I ministri presenti a Berlino hanno, inoltre, discusso sulla creazione di un “Club del Clima” nel quale intensificare le discussioni e le consultazioni anche in vista del G20, con la partecipazione dei Paesi emergenti o in via di sviluppo.
«Si riconosce lo scenario dell’Agenzia internazionale dell’Energia (Iea) di “zero emissioni nette”, che suggerisce che le economie del G7 investano almeno 1.300 miliardi di dollari nelle energie rinnovabili, compreso triplicare l’investimento in energie pulite e reti elettriche fra il 2021 e il 2030», si legge sul documento elaborato alla fine dei lavori.

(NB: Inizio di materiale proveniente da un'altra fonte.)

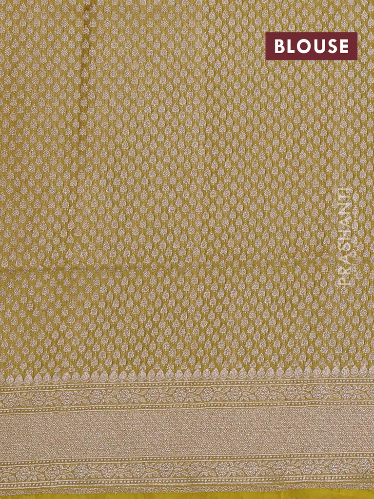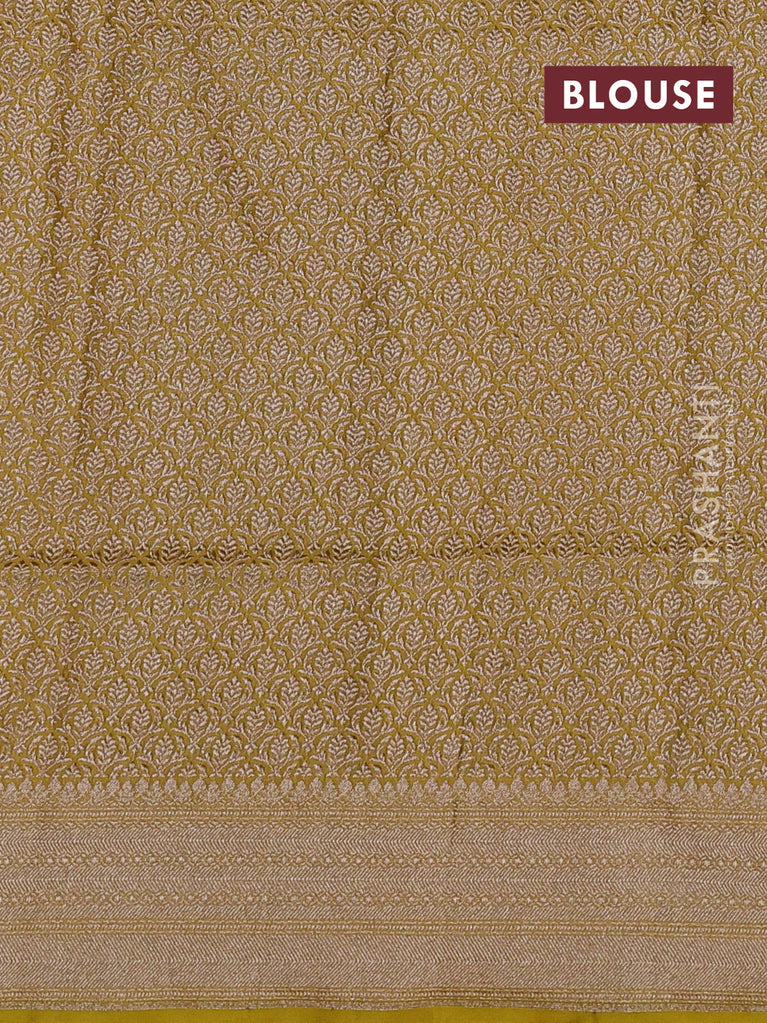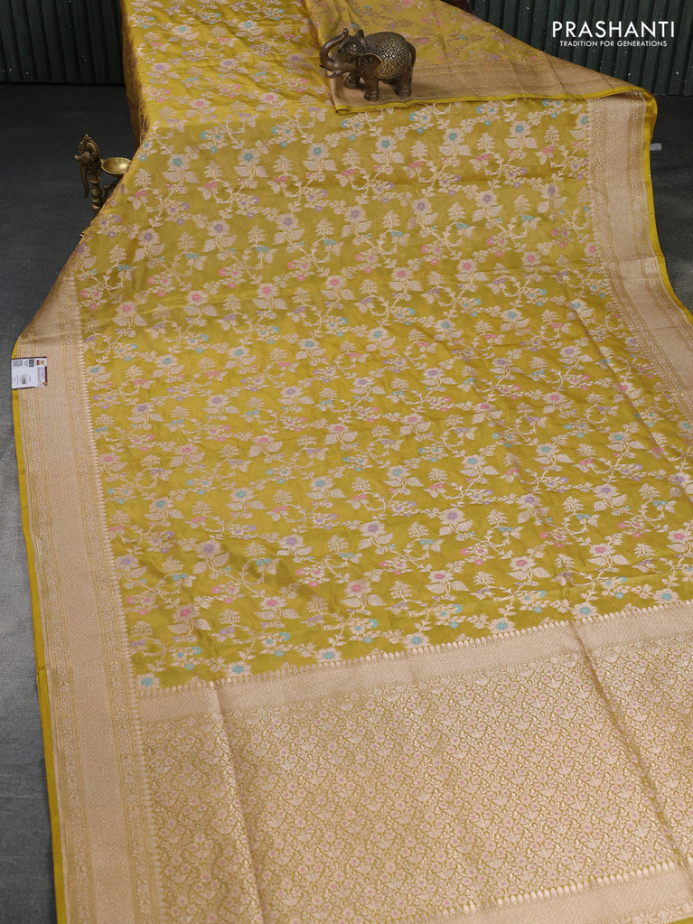Banarasi tissue silk saree lime yellow with allover zari woven brocade weaves and zari woven border

Grande attenzione, infine, ai diritti umani e alla loro protezione, inestricabilmente legati alle questioni climatiche: «Si incoraggiano le imprese a contribuire, attraverso le loro catene di fornitura, al raggiungimento in tutto il mondo degli obiettivi di sostenibilità ambientale, sociale ed economica – si legge nel Comunicato finale – Per far leva ulteriormente sul potenziale della partecipazione delle donne nell’industria dell’energia pulita, si intende amplificare le buone pratiche dal rapporto del G7 “Eguaguaglianza di genere e diversità nel settore energetico”».
Le perplessità del Giappone
«Abbiamo prescritto delle misure nonostante il conflitto ucraino. Il G7 vuole rispettare il limite di 1,5 gradi, ma ci sono grandi Paesi responsabili di emissioni che ancora non si sentono vincolati», afferma il ministro giapponese Ooka alla conferenza stampa finale del summit, sottolineando le sfide critiche della decarbonizzazione.
Non solo l’occhio verso la Russia, quindi, ma anche verso la Cina, nazione particolarmente inquinante, che rifiuta categoricamente ogni politica green da applicare.